Exemplo: convênio com tabela de R$ 45, glosa média de 8% e repasse em 60 dias tem ticket líquido de R$ 41,40. Com custo por sessão de R$ 35, sobram R$ 6,40 por atendimento — margem que só se sustenta em horário que ficaria ocioso. Se a linha de margem ficar negativa por três meses seguidos, a planilha já respondeu: é hora de renegociar ou descredenciar.

O que é glosa e como reduzir a sua?

Glosa é a negativa de pagamento pela operadora quando a auditoria encontra inconsistência na cobrança: guia preenchida errada, autorização vencida, código TUSS incompatível com o procedimento ou documentação incompleta. Cada operadora tem suas regras, e a taxa varia de consultório para consultório — por isso a planilha usa a sua média, não um número de mercado.

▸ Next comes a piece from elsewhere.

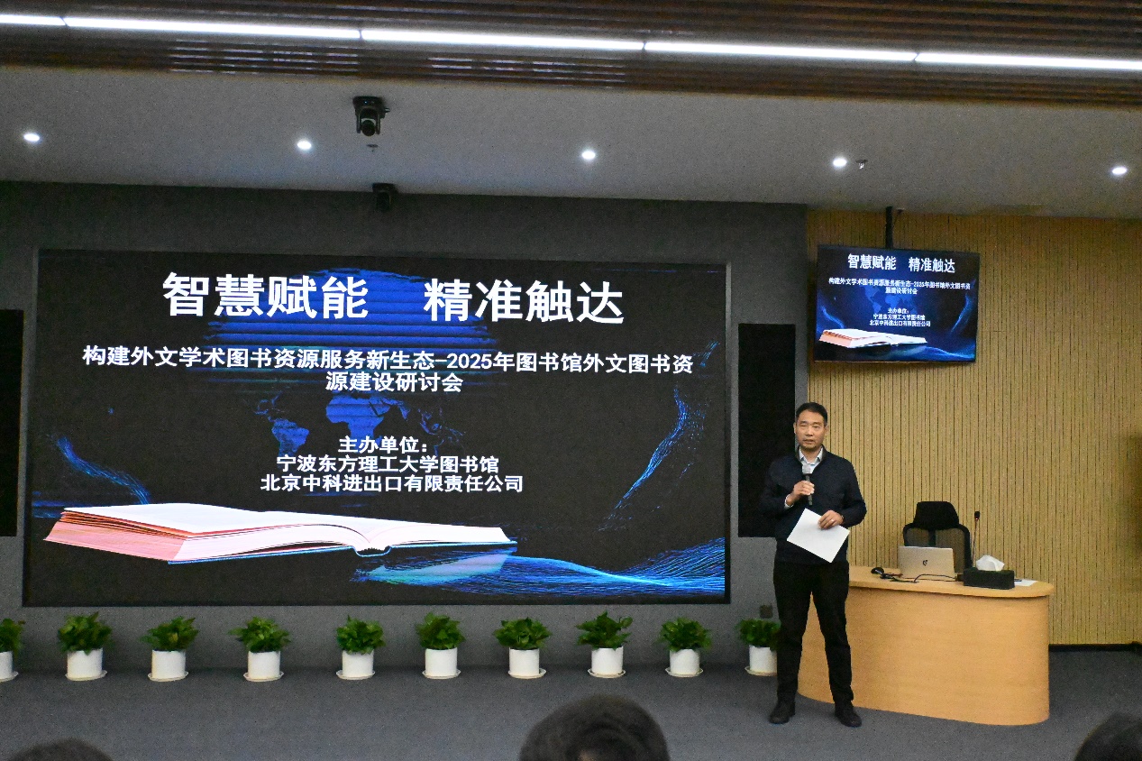 2025年11月12日至14日,由宁波东方理工大学图书馆与北京中科进出口有限责任公司联合主办的“2025年图书馆外文图书资源建设研讨会”在浙江宁波圆满举行。

Três hábitos derrubam a glosa: conferir autorização e validade antes da primeira sessão, registrar a evolução de cada atendimento no dia e revisar as guias antes do envio do lote. E glosa não é sentença — o recurso administrativo recupera parte dos valores negados, desde que a documentação exista.

Quando a estratégia híbrida ganha?

Para a maior parte dos consultórios, a resposta madura não é "convênio sim ou não", e sim onde cada um entra na agenda:

  • horário nobre — início da manhã, fim da tarde, sábado — reservado para particular;
  • horários historicamente ociosos abertos para convênio, com teto de vagas por operadora;
  • reavaliação trimestral: convênio que lota demais o teto vira candidato a renegociação; o que dá margem negativa, a descredenciamento.

O teto de vagas é o que protege a estratégia: sem ele, o convênio cresce até empurrar o particular para fora — e a agenda cheia esconde a margem que encolheu.

Como saber qual convênio dá lucro de verdade?

A planilha só funciona com dados que a rotina raramente entrega: receita separada por origem, glosa registrada por operadora, custo por sessão atualizado e prazo real de recebimento. Anotado em papel ou espalhado em extratos, esse retrato leva um fim de semana para montar — e por isso quase nunca é montado.

Quando cada atendimento é registrado com sua origem de receita em um sistema de gestão, o relatório por convênio sai pronto: quanto cada operadora rendeu, quanto glosou e qual margem deixou. A decisão de renovar, renegociar ou descredenciar passa a ser mensal e baseada em número, não em impressão.

Conclusão

Convênio vale a pena na fisioterapia quando a planilha diz que vale: ticket líquido acima do custo por sessão, volume que preenche ociosidade real e prazo de repasse que seu caixa aguenta. Com planos pagando R$ 25 a R$ 50 por sessão e repassando em até 90 dias, a margem é apertada — mas em agenda ociosa ela existe, e paga contas.

Monte a planilha com os dados dos últimos três meses antes de aceitar ou recusar o próximo credenciamento. A resposta que serve para o seu consultório está nos seus números, não na opinião do colega.